When Baby is Allergic to the Family Pet
The decision to keep or remove pets after diagnosis
Testing for Pet Allergies
Itchy and watery eyes, a stuffy or runny nose, sneezing and wheezing all add up to one miserable baby. More than likely, this miserable child suffers from allergies. For some children, allergic reactions are caused by trees, mold, and food. For others, the culprit is the family pet.
Each year, hoards of children are subject to allergy testing. The two most common methods of testing children are the skin prick test and the Radioallergosorbent (RAST) test. During the skin prick test, tiny drops of common allergens are placed on your baby’s back, which is then lightly pricked or scratched. The area is then observed for a reaction. Results are available in about 15 minutes. The RAST is a blood test, which checks for antibodies against suspected allergens. It typically takes a few weeks to obtain results from the RAST.
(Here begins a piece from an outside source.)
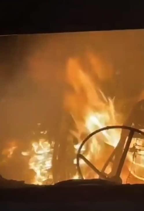 Al terminar de controlar el fuego, se percataron que olía a carne quemada, descubriendo en el asiento posterior los cuerpos, al parecer de dos personas.
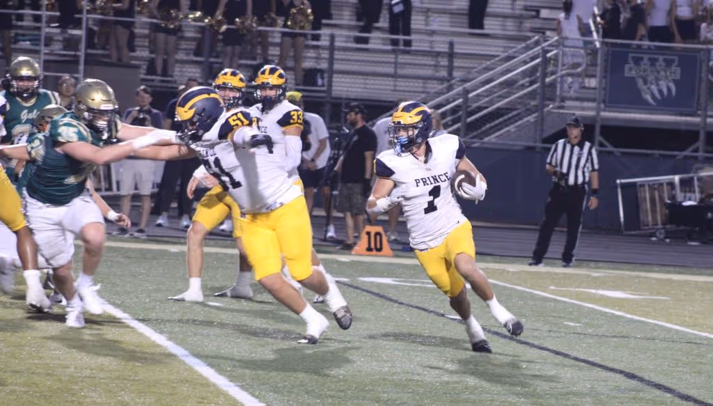 Andrew Beard put Prince up 6-0 on a short run but the ensuing extra-point attempt missed the mark. West Forsyth got on the board with a 32-yard field goal from Asher Mote with 3:58 left in the first quarter.

There’s no age limit on allergy testing, says Dr. Sherwin Gillman, clinical professor of pediatrics and allergy at the University of California, Irvine. “The definition of when testing should be done is really a definition of when the symptoms are present,” he says. A baby can be tested as soon as it becomes necessary.
For animal owners, when the test results are positive for pet allergies, life as they know it comes to a screeching halt.
Elissa Sonnenberg, of Cincinnati, Ohio, watched her oldest son go through a three-hour skin prick test to determine the source of his allergies. “Do you have pets?” the allergist asked. “We don’t,” said Sonnenberg. “Don’t get any,” she was told.
It seems like a simple solution. But by the time an allergy is detected, pets may already be full-fledged members of the family. “By the time we knew it was the animals making [my daughter] sick, we had a dog, two cats, a hamster, and a rabbit,” says Jess Boetig, a mom from Philadelphia, Pennsylvania. Because of the number of animals and the severity of the allergy, her family needed to find new homes for the pets. “It was really hard on us,” says Boetig. “We knew it was necessary, but it was still hard.”